An RAF Air Sea Rescue sea launch joins the search. Commanded by Flying Officer Treherne, Launch 2561, or "Sixty One" in radio signals, struggles against the bad weather, mechanical problems and a fire in the galley. Second in command, Flight Sergeant Singsby dominates the crew, playing a benevolent but demanding hand with the questionable seamanship of the junior ranks. On the second day, updated intelligence about the dinghy's likely location is received from the downed German Messerschmitt pilot, whom the RAF has rescued. RAF Air Sea Rescue is now aware the dinghy has drifted inshore, far from its ditching point. As the weather clears, "Sixty One" sights the dinghy and approaches it under fire from enemy shore batteries and through a mine field. Launch 2561 safely returns to England where the briefcase with secret documents is delivered. An injured Flying Officer Treherne and Flight Sergeant Mackay are applauded by senior officers.

==Production==
The film was based on a 1953 book by Max Hennessy, which became a best seller.

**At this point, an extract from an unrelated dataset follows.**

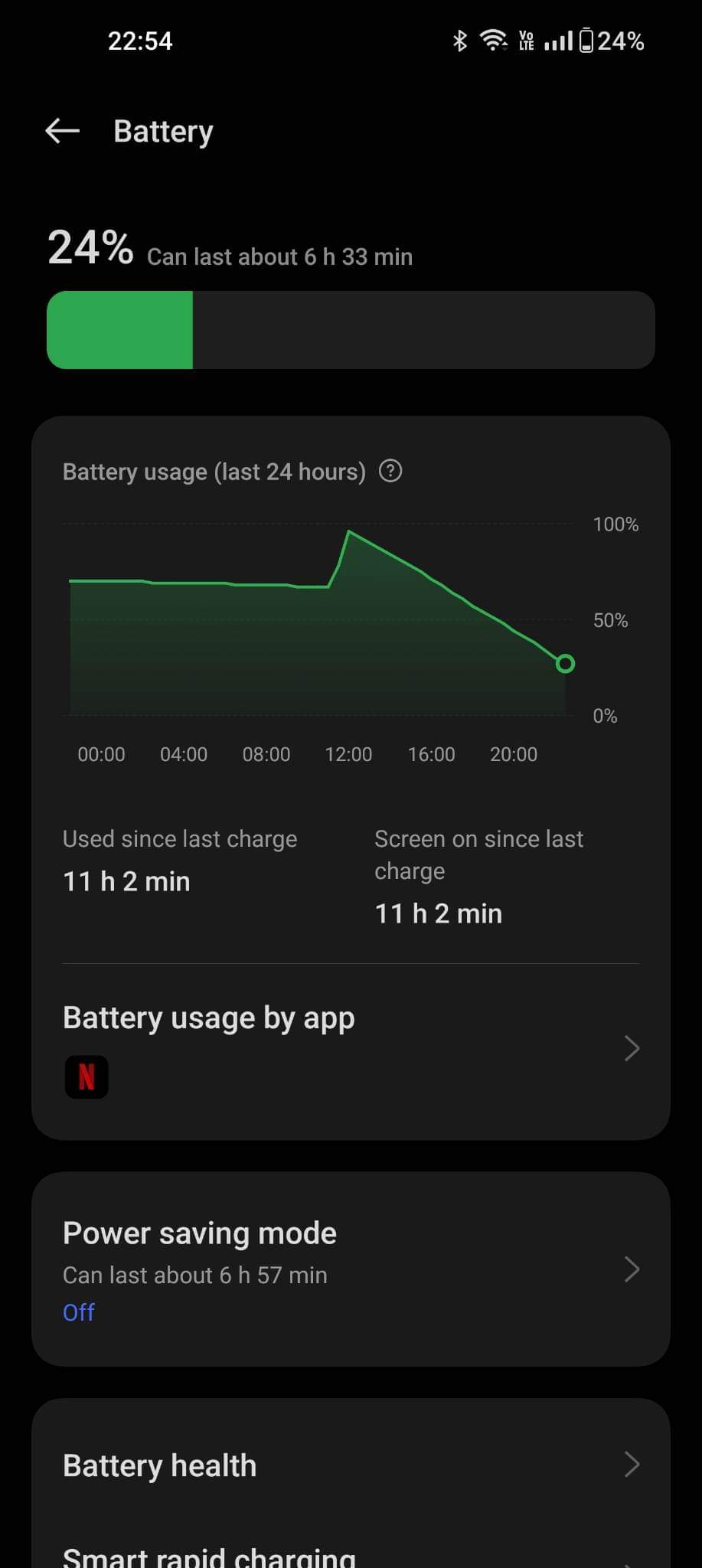 แบตเตอรี่ขนาด 5000 mAh ใช้งานทั่วไปใส่ซิม 5G เล่นเน็ต แชททั้งวัน เล่นเกมนิด ๆ หน่อย ๆ ราวครึ่ง ชม. ดูคลิปจาก YouTube บ้าง ฟังเพลงกับหูฟังไร้สายบ้าง ถ่ายรูปถ่ายวิดีโอ ฯลฯ สามารถอยู่ได้สบาย ๆ ทั้งวันแบบไม่ต้องลุ้นว่าแบตเตอรี่จะหมดก่อนกลับบ้าน

In August 1953, it was announced that both Rank and ABPC were competing for the film rights, which were expected to go for $20,000.

Producer Dan Angel arranged one of the strongest male casts of the era. It was one of a number of sea-related themes made in Britain following the success of The Cruel Sea. It was one of a number of war movies Anthony Steel made in which he supported an older British star.

There were six weeks filming on location in Felixstowe, followed by studio work at Riverside.

Referring to the film's title, Noël Coward said of the film's two male stars, "I don't see why not. Everyone else has." Redgrave was reportedly bisexual, while Bogarde was homosexual.

The film was shot at the Riverside Studios in Hammersmith and Felixstowe in Suffolk. Filming had finished by June 1954.

==Reception==
===Critical===
Variety said the film "has several basic ingredients of a boxoffice success;
tough but believable plot, a cast too big for the average theatre marquee and exciting action sequences in the climax when the missing air crew is picked up within range of enemy shore batteries."

===Box office===
According to Kinematograph Weekly it was a "money maker" at the British box office in 1955. The film performed poorly at the US box office, like most British war movies of this era. Gilbert said every one of the films he made with Danny Angel - six in all - were successful financially.